After reading a couple of blogs, I began to reminisce about the days of old.
I know I'm fairly young, but as I said in an earlier comment, I grew up with "backward" grandparents. My dad's side of the family has always done things a bit "different". While growing up we didn't quite understand their "way of life", but looking back now, it's a bit clearer.
Now we weren't into farming like Papa Rooster's family was, but we had it all. You name it we had it: Cows, chickens, pigs...we even had a garden that was full of purple hull peas, okra, squash, butter beans, corn, watermelons, cane. (My granddaddy still makes his very own home-made cane syrup).
I remember every year they'd have a pig slaughtered and make their own sausage. Sometimes we even got to turn the crank handle of the old sausage grinder. Most of the time we fought over whose turn it was, but we finally each got a turn at cranking the grinder.
Each year we'd all help shell peas or shuck/cream corn. We'd always sit around in a big circle and listen to the elders tell stories of when they were younger. And when creaming corn, we didn't have the fancy "creamers" you see today. No, we had an old tin mayonnaise jar lids that Pa had punched holes in, that were bent so they were easier to hold.
All of the kids usually had more creamed corn on themselves than in the bowl in their laps...
In the winter time it was always so COLD. Well, cold for the south :) . We lived with my grandparents for a while, especially while my dad worked nights.
When they'd put us to bed, they'd light the old small gas wall heater in the room. Three of us slept together; me, my little brother, and a little sister. There were so many hand-made quilts on us that we could hardly move... If anyone had to get up to use the restroom at night, we had to call for help to get out of bed.
Every day held the same routine. In the summer, the alarm went off at 5:30am and Nanny and Pa got up. Pa off to feed the assortment of animals, and Nanny off to the kitchen where she prepared breakfast. Always the same thing; grits, eggs, egg gravy, sausage of some sort, and biscuits. If there were no biscuits, we had hoe cakes. I loved breakfast time. Pa was usually either leaving or already gone by the time we woke up.
Shortly after breakfast, Nanny was starting lunch. (Yes, she cooked three meals a day. And they didn't come from a box!) Something was always in the pressure cooker. We loved to sneak in and jump on the floor to make it whistle louder. Of course it always resulted in someone being chased out of the house.
Clothes were hung on the line to dry. I don't remember her having a dryer until I became a teenager. The house was basically unoccupied all day.
We were always outside. Usually getting into something... Most of the time in the plum, apple, pear, and fig trees or scuppernong vines. Nanny was constantly after us about staying out of her fruit trees. We could have all the fruit that had fallen on the ground and was beginning to rot, but we weren't to pick the fruit from the trees...sounds similar to another story I've heard.

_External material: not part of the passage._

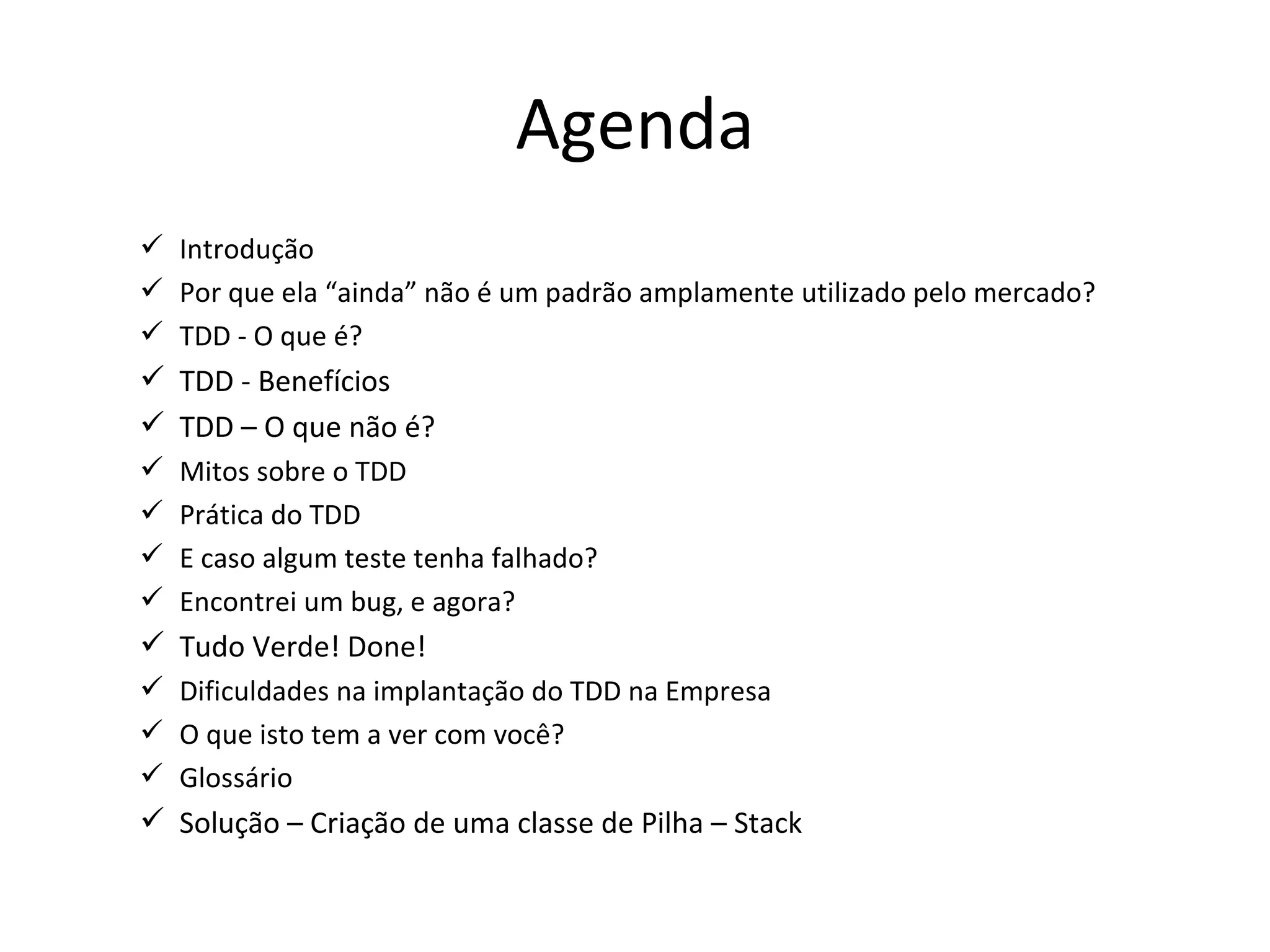 Agenda Introdução Porque ela “ainda” não é um padrão amplamente utilizado pelo mercado? TDD - O que é? TDD - Benefícios TDD – O que não é? Mitos sobre o TDD Prática do TDD E caso algum teste tenha falhado? Encontrei um bug, e agora? Tudo Verde! Done! Dificuldades na implantação do TDD na Empresa O que isto tem a ver com você? Glossário Solução – Criação de uma classe de Pilha – Stack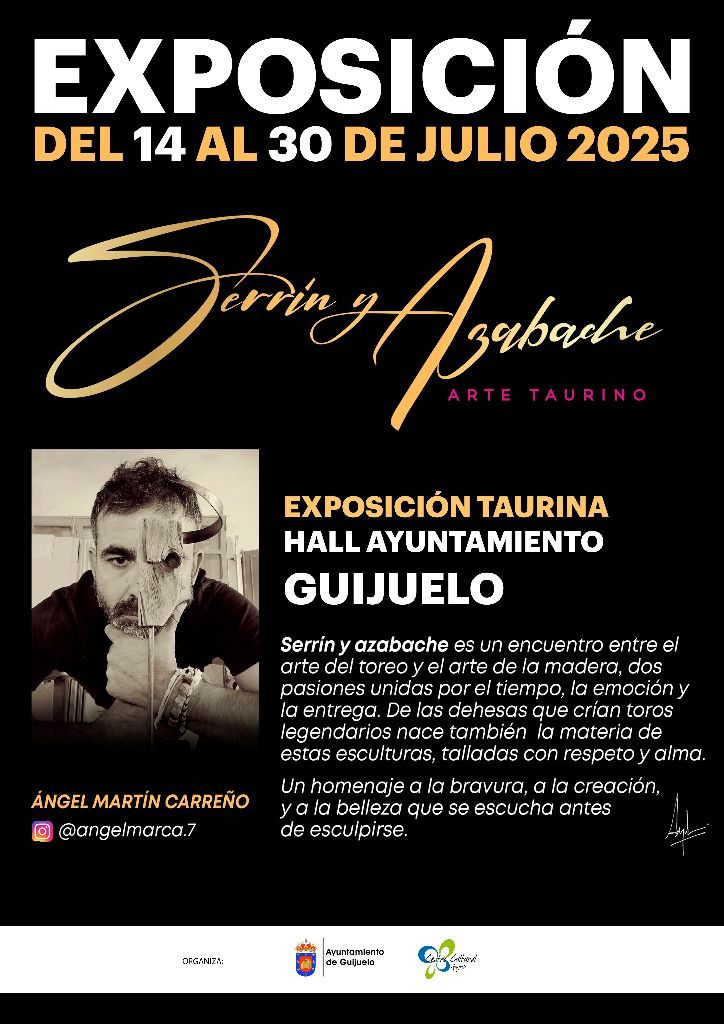 Por otro lado, del 14 al 30 de julio el hall del Ayuntamiento acogerá la exposición ‘Serrín y azabache’, una muestra taurina a cargo de Ángel Martín Carreño, artista que recientemente ha expuesto en la pasada Feria de San Isidro en Madrid.

The girls were always "cooking" outside, making mud pies, dirt cakes, mixing some sort of creation in the big cast iron kettles. Sometimes we'd even tempt the boys to taste our special recipes.
I'm all grown up now, but some days I wish I were back in Nanny's yard, running around barefoot, without a care in the world.
Nanny and Pa have modernized a bit since we were kids, but the feeling of the "backward" way is still there. Even though every thing has change, every thing's the same.
It's an amazing feeling to look back at where you've been, and see where you are now. I can't wait to tell my children and grandchildren about "the days of old".